Bacon Deviled Eggs
Bacon Deviled Eggs
Easy peasy Bacon Deviled eggs, with a creamy yet crispy filling. If you don’t want to use mayonnaise , you can either use yogurt or use half mayonnaise and half yogurt to have a healthier and lighter filling. Also, if you want to give the filling a kick you can add 1 teaspoon of english mustard or horseradish.
Ingredients:
- 6 eggs
- 3 tbsps mayonnaise
- 2-3 tbsps thinly sliced green onions
- 100 gr bacon
Method:
- To hard boil the eggs, place the eggs in a saucepan and add water, bring the water to a full rolling boil.
- Turn off the heat, cover, and let sit for 10-12 minutes.

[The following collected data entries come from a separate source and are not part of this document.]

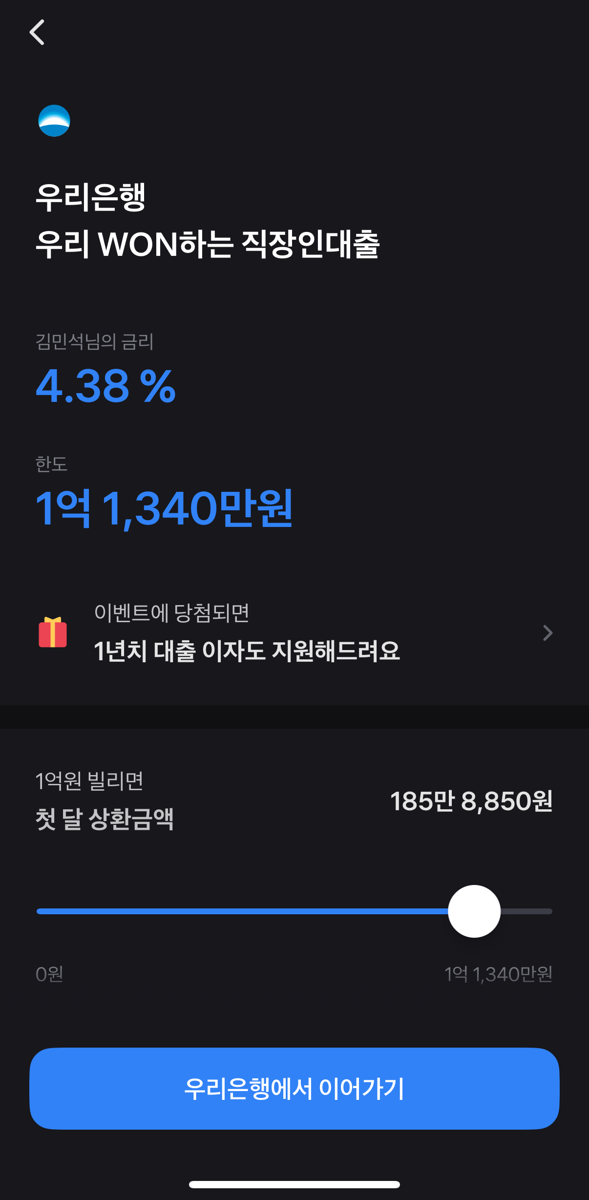 신용대출 상품을 비교해보니... 가장 매력적인 대출을 해주는 은행은 우리은행이었다. 최대 1억 1340만원까지 4.38% 금리로 대출을 해준다고 한다. 그래서 우리은행으로 이동해서 보니...
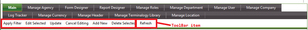 "RadToolBar_ButtonClick" fire this event on radtoolbar button click.<telerik:RadTabStrip ID="rtsActionMenuToolBar" runat="server" MultiPageID="RadMultiPage1" SelectedIndex="0" Style="padding-left: 5px;" ShowBaseLine="true"> </telerik:RadTabStrip> <telerik:RadMultiPage ID="RadMultiPage1" runat="server" Height="100px" SelectedIndex="0" CssClass="MultipageWrapper"> </telerik:RadMultiPage>protected void Page_Load(object sender, EventArgs e) { if (!IsPostBack) { List<ActionMenuToolBarBE> lstActionMenuToolBarBE = new ActionMenuToolBarDomain().SelectActionMenuToolBar(null, null); List<ActionMenuToolBarBE> lstActionMenuToolBarBEParent = lstActionMenuToolBarBE.FindAll(delegate(ActionMenuToolBarBE obj) { return obj.ParentToolBarID == 0; }); foreach (ActionMenuToolBarBE obj in lstActionMenuToolBarBEParent) { RadTab rootTab = new RadTab(); rootTab.Text = obj.ToolBarName; rootTab.Value = obj.ToolBarID.ToString(); rtsActionMenuToolBar.Tabs.Add(rootTab); RadToolBar objRadToolBar = new RadToolBar(); objRadToolBar.AutoPostBack = true; objRadToolBar.CausesValidation = false; objRadToolBar.ButtonClick += new RadToolBarEventHandler(RadToolBar_ButtonClick); List<ActionMenuToolBarBE> lstActionMenuToolBarBEChild = lstActionMenuToolBarBE.FindAll(delegate(ActionMenuToolBarBE objchild) { return objchild.ParentToolBarID == obj.ToolBarID; }); foreach (ActionMenuToolBarBE objChild in lstActionMenuToolBarBEChild) { RadToolBarButton tbb = new RadToolBarButton(); tbb.Text = objChild.ToolBarName; objRadToolBar.Items.Add(tbb); } RadPageView pageView = new RadPageView(); pageView.ID = obj.ToolBarName; pageView.Controls.Add(objRadToolBar); RadMultiPage1.PageViews.Add(pageView); } } } protected void RadToolBar_ButtonClick(object sender, RadToolBarEventArgs e) { string s1 = e.Item.Value; }Regards,
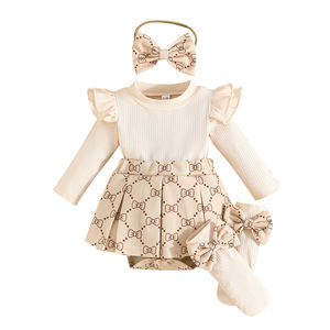 跨境专供—女婴春秋款甜美连体衣 米色三角哈衣+头巾+配套袜子
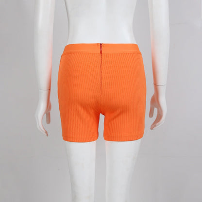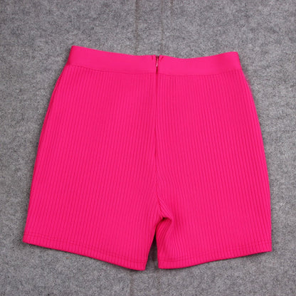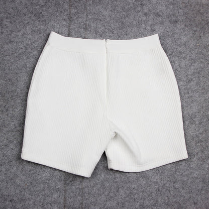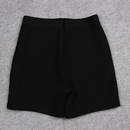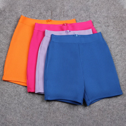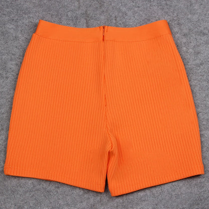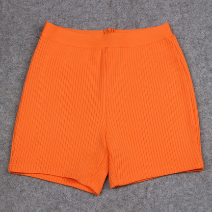 New Fashion Bandage Shorts Casual Black Orange Bone Color Shorts
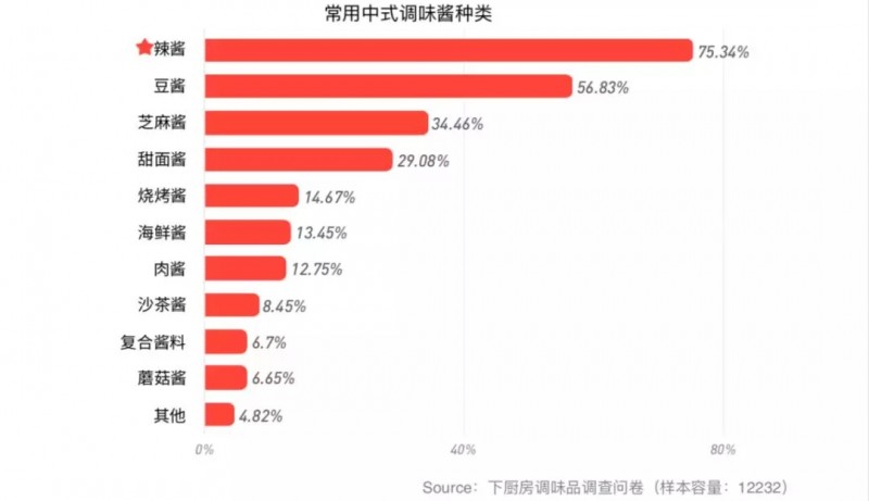 从用户常用中式调味酱的种类看,辣酱以 75.34% 的人数占比登上榜首。

- In a pan over medium heat, cook bacon until browned on both slices.
- Let the bacon cool and then cut in small pieces.
- Cut each egg in half lengwise and scoop the yolk out into a bowl.
- In the same bowl mash the yolks with a fork.
- Stir in mayonnaise, green onions, and bacon and mix well.
- Add salt and pepper to taste.
- Spoon 1 or 2 tablespoons of the yolk mixture into the hollow of each egg-white half.
- Serve your Bacon Deviled Eggs with some capers and salad.
- It’s better to serve and eat your deviled eggs immediendly.
- Enjoy!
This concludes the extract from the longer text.